È tutto vero, ma questo confronto serve innanzitutto a confutare l’assunto iniziale, cioè che tutti i grandi attaccanti abbiano reso mediamente peggio con l’azzurro sulle spalle. E avrai notato che le uniche due eccezioni lo sono in senso letterale: le medie realizzative di Vieri e Toni in campionato sono straordinarie, tanto più perché registrate nell’arco di un’intera carriera. Inzaghi, che in Serie A ha segnato con più frequenza di tutti gli altri nomi menzionati (escluso Vieri), ha comunque segnato di più in Nazionale. Completano l’elenco una serie di nomi legati a un preciso momento storico o a una particolare guida tecnica, come Schillaci, eroe delle Notti Magiche, Chiesa durante il secondo crepuscolare Sacchi, Quagliarella durante il secondo crepuscolare Lippi, o Pellè sotto la guida di Conte, perfettamente integrato nei meccanismi del 3-5-2.
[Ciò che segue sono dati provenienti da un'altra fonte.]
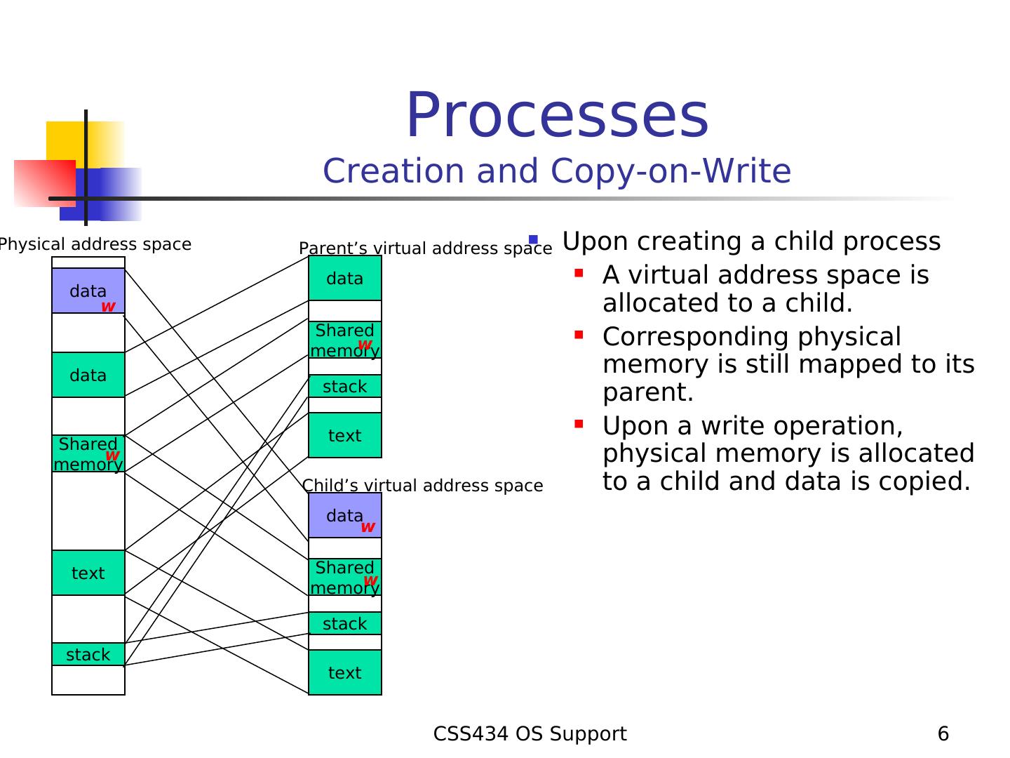 6 . Processes Creation and Copy-on-Write Physical address space Parent’s virtual address space Upon creating a child process data A virtual address space is data w allocated to a child. Shared Corresponding physical w memory data memory is still mapped to its stack parent. Upon a write operation, Shared text w memory physical memory is allocated Child’s virtual address space to a child and data is copied. data ww text Shared w memory stack stack text CSS434 OS Support 6

Tutte le strade, in qualche modo, riconducono alla riflessione centrale di questo ragionamento: non esiste nessuna maledizione che grava sulle culle dei futuri numeri nove della Nazionale, e non è neanche vero che la nostra tradizione calcistica è allergica ai centravanti, o incapace di coltivarne. Esistono però dei presupposti necessari perché un attaccante sia messo in condizione di spingere la palla in porta, primo su tutti l’intesa con il commissario tecnico e l’affinità al suo stile di gioco. A questo proposito, non posso fare a meno di notare come quasi tutti i nomi contenuti nella tua domanda (Totti, Del Piero, Inzaghi, Vieri) siano in realtà riferibili allo stesso periodo della storia della Nazionale, quei cinque-sei anni a cavallo tra gli anni Novanta e gli anni Duemila che rappresentano l’apogeo di delusioni e rimpianti per ogni tifoso italiano.

In quegli anni abbiamo alternato diversi allenatori, Cesare Maldini, poi Zoff e soprattutto Trapattoni, e con il senno di poi è doloroso ma doveroso riconoscere che nessuno di questi sia stato in grado di trasmettere alla squadra una spiccata impronta offensiva, o anche solo una parvenza di gioco divertente, a dispetto dei talenti epocali di cui potevano disporre. Erano anni di 5-3-2 e reparti scollati, di fenomeni che non riuscivano a comprendersi, mentre l’opinione pubblica si preoccupava soprattutto di difendere una tradizione catenacciara a cui sentiva di appartenere per eredità genetica. Sono lezioni di cui fare tesoro, perché può darsi che Immobile sia inadeguato al ruolo che ricopre, ma in ogni caso non dipende da lui il rompicapo della siccità realizzativa. Per caso o per fortuna, l’unica persona in grado di risolverlo è un altro grande attaccante che non è mai riuscito a esprimersi con la maglia della Nazionale.